Après avoir tenté l'aventure de chroniqueur sur Manga News, j'ai voulu retrouver un peu de liberté en revenant sur mon blog. Mais tenir un rythme de publication soutenu à moi seul me semblait compliqué... Alors j'ai demandé à des amis blogueurs s'ils voulaient créer une plate-forme avec moi, et Nostroblog est né. Voilà, donc pour ceux qui ne savent pas, il s'agit d'un blog communautaire au sein duquel chacun aborde ce qu'il aime comme il le veut. Par exemple Bobo est vraiment passionnant quand il s'agit de parler d'influences : il a consacré trois parties sur Yu-Gi-Oh, une sur les inspirations japonaises, une sur les égyptiennes et une sur les américaines, il a aussi évoqué les symboles bouddhiques dans L'ère des Cristaux. J'adore lire des choses de ce genre, je trouve ça passionnant que chacun apporte sa personnalité au blog.
 

 

 
3. Les sujets et articles écrit sur Nostroblog sont assez éclectiques, comment faites-vous vos choix ? A tour de rôle un coup manga, un coup comics, un coup autre chose ? En fonction de l'actu ? Ou c'est l'anarchie chaque chroniqueurs fait ce qu'il veut (avec ses cheveux !) ?
 
Ah, c'est l'anarchie pure et dure, chacun est libre.
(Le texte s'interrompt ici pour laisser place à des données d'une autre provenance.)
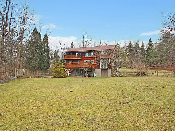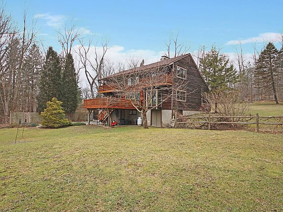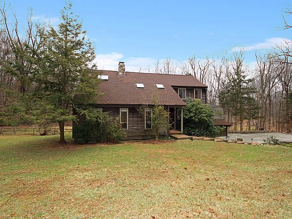 Idyllic modern country retreat on the most spectacular, private, and level 4 acres located between Putnam and Huntington parks (largest state park in CT with over 1,000 acres, trails and lake). This light, bright, and open home was designed to capture the beauty of living in nature with soaring ceilings, skylights, glass roofed solarium, multiple balconies, deck, and stone patio. Total 2,707 square feet, drenched in natural light with 3-4 bedrooms, 2 full baths, and 2 fireplaces including floor to ceiling fieldstone fireplace in the dramatic great room with planked and vaulted ceiling, skylight, and open to the sunny dining room for large family gatherings. Enjoy dining fireside by the 2nd fieldstone fireplace in the spacious eat in kitchen with adjoining rear deck. The inviting solarium, with its glass walls and atrium roof, is the perfect place to watch the leaves turn and the snow fall. In the spring and summer, the backyard becomes a circle of green. plus the seasonal stream/waterfall is a special treat. Other features: main floor study/optional bedroom with nearby full hall bath; additional library/office with built-in bookshelves adjoining the solarium; 2nd floor open family room with sliders to the rear balcony; large master bedroom also with sliders and balcony; 2nd bedroom with skylights; 3rd large bedroom; plus updated hall bath with marble tile, jetted tub (great backyard view), and frame-less shower. Many updates with newer roof, windows, plus convenient location, just 4 miles to downtown Bethel/train and 8 miles to Georgetown shopping/restaurants/trains.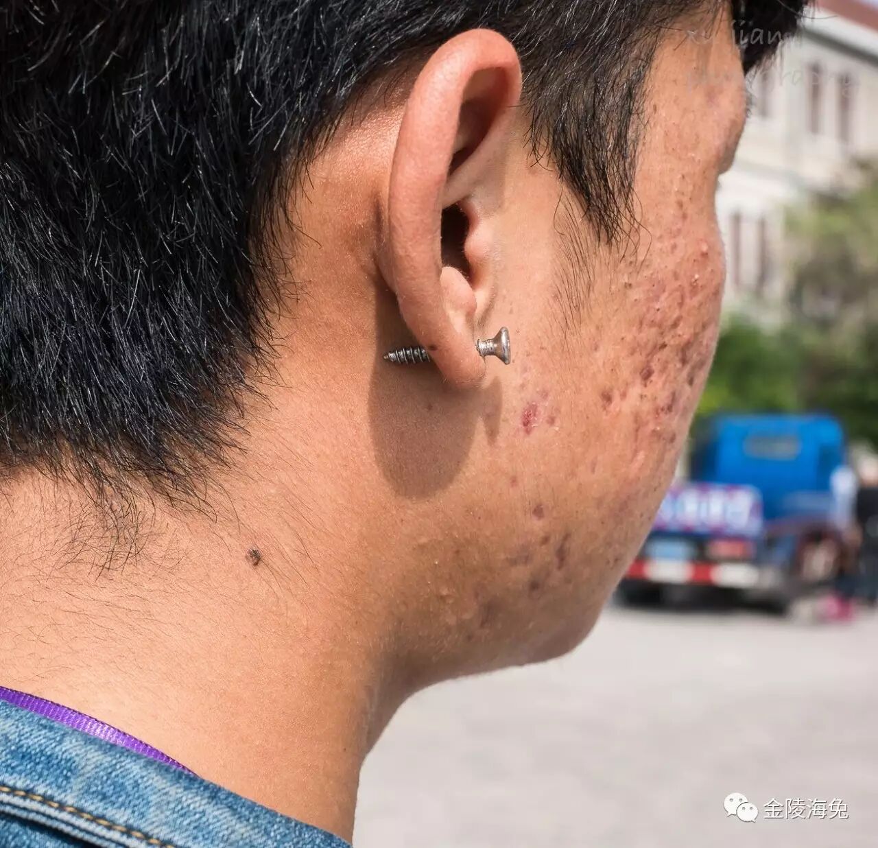 原来一颗螺丝钉穿在耳垂里----等待新打的耳洞“长好”后再拔出来,然后挂上耳饰品......时尚与廉价在碰撞!小伙子----你这“美”的也真是吃苦头啦。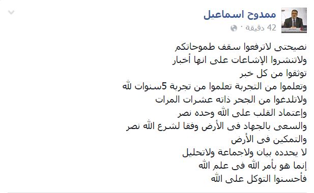 وختم “إسماعيل”: “التمكين في اﻷرض ﻻ يحدده بيان وﻻ جماعة وﻻ تحليل، إنما هو بأمر الله في علم الله، فأحسنوا التوكل على الله”.

On suit juste un planning pour essayer de sortir les articles le mercredi et le dimanche, mais c'est tout. À la limite on se relit et je retouche un peu la mise en forme parfois, pour garder une cohérence mais ça ne va pas plus loin. Quand je fais un article dans lequel je mets en parallèle Lorsque nous vivions ensemble et Solanin, c'est juste parce que ce sont mes mangas préférés. Peu importe s'ils sont sortis il y a 10 ans, j'en parle parce que je les aime de tout mon cœur. Mais parfois on parle aussi de nouveautés, de choses qu'on vient de lire et qu'on a envie de faire découvrir. L'important, c'est vraiment de se faire plaisir. Si je ne devais rédiger que des articles qui prennent 3 mois de préparation minutieuse et 2 semaines d'écriture intensive, je tomberai vite à bout de force. Par exemple mon article sur Orange, je l'ai écrit en deux ou trois jours. Je m'installe devant une feuille, et je laisse les mots guider ma plume. Il est imparfait, j'ai même oublié de mentionner des choses auxquelles je tenais, mais il est vrai, plein de sentiments très personnels.
 
4. A titre un peu plus perso, peux-tu nous dire ce que tu penses de la production manga actuelle en France ? Trop commerciale ? Assez diversifiée ?
 
La production actuelle... Elle est à la fois très variée et très frustrante... On a plein de pépites qui sortent tous les mois, alors je ne vais pas m'en plaindre mais il manque vraiment un truc. Le Lézard Noir se tourne vers des productions plus grand public, IMHO ne sort plus rien, Cornélius laisse le manga de côté et ne publie que les mêmes auteurs (Mizuki et Tatsumi), Picquier se contente d'adaptations de romans... Même les collections Sakka de Casterman ou Made in de Kana périclitent. Il n'y a plus de place pour le manga d'auteur ou le manga alternatif, ou si peu. Même quand on se tourne vers le vintage avec Black Box ou Isan, c'est pour publier des titres populaires d'auteurs tels que Leiji Matsumoto ou Go Nagai. Alors c'est super que ça existe hein, mais moi je veux du Seiichi Hayashi ou du Yoshiharu Tsuge. On manque cruellement de grandes autrices aussi, de Moto Hagio à Kyoko Okazaki. Il faudrait vraiment que les éditeurs et les institutions (comme le Festival d'Angoulême) les mettent en avant. Voilà, je suis satisfait mais il manque un truc. J'aimerais voir émerger un ou deux éditeurs indépendants avec de vraies idées.
 

 

 
5. Parlons un peu du "cru" 2018, que pense tu de ce début d'année ? Qu'est-ce que tu recommande à nos lecteurs jusqu'ici ? Qu'est-ce que tu nous conseil de fuir ?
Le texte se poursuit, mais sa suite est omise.